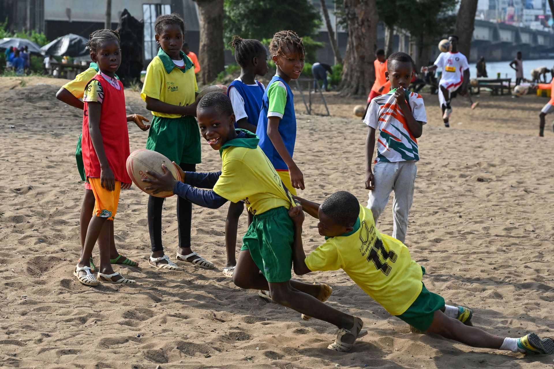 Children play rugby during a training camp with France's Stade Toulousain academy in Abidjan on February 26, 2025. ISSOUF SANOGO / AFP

======

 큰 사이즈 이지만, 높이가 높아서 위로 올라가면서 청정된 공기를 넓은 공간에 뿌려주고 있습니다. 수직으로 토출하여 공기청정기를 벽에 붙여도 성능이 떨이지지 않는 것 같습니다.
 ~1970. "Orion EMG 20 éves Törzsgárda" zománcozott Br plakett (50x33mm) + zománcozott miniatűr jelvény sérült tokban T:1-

======

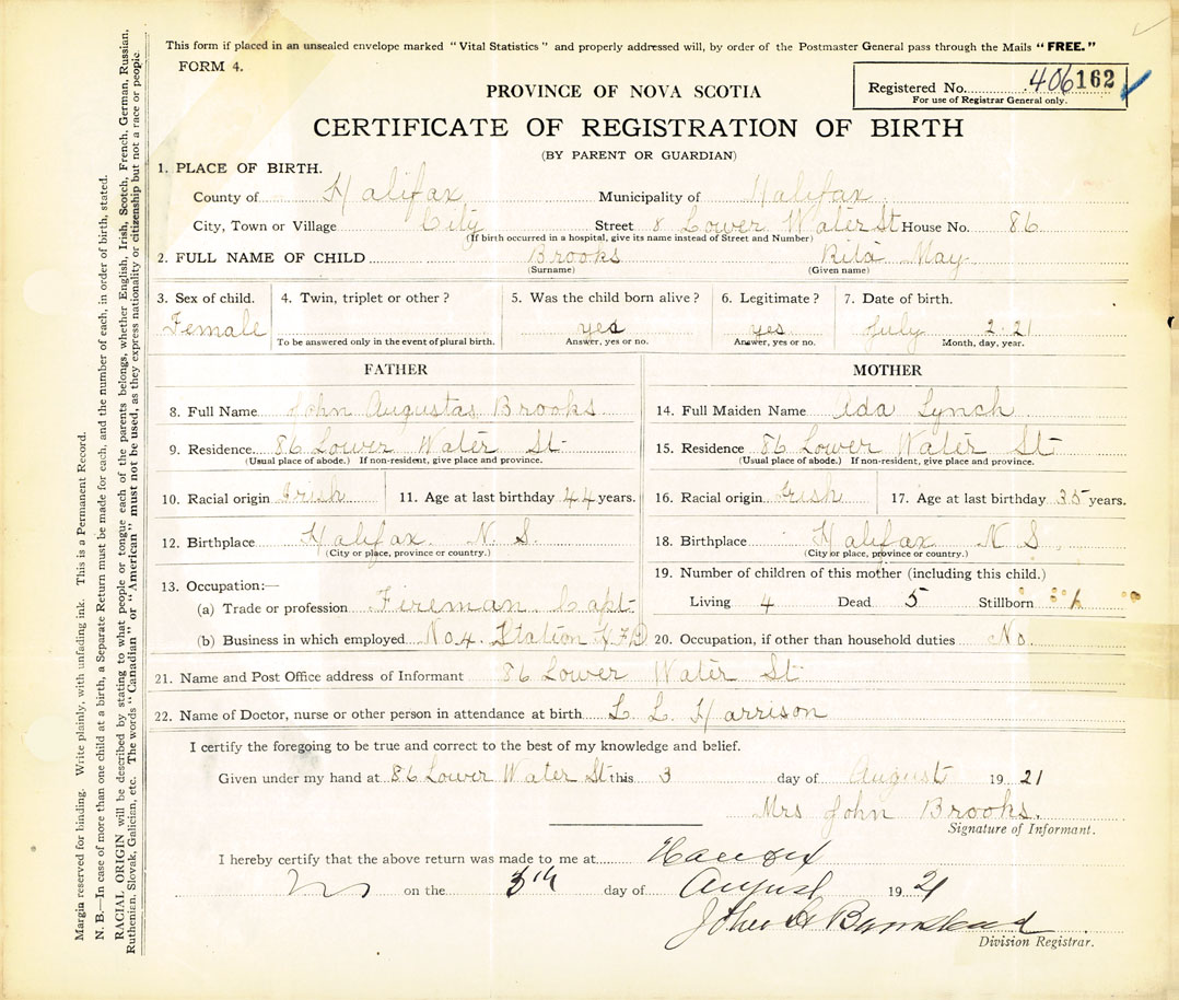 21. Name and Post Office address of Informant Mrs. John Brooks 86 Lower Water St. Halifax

======

:: Exercise brief ::
Your answer must be the lines above from the one containing "큰 사이즈 이지만, 높이가" to the one containing "EMG 20 éves", both included, restated word for word.

:: Solution ::
 큰 사이즈 이지만, 높이가 높아서 위로 올라가면서 청정된 공기를 넓은 공간에 뿌려주고 있습니다. 수직으로 토출하여 공기청정기를 벽에 붙여도 성능이 떨이지지 않는 것 같습니다.
 ~1970. "Orion EMG 20 éves Törzsgárda" zománcozott Br plakett (50x33mm) + zománcozott miniatűr jelvény sérült tokban T:1-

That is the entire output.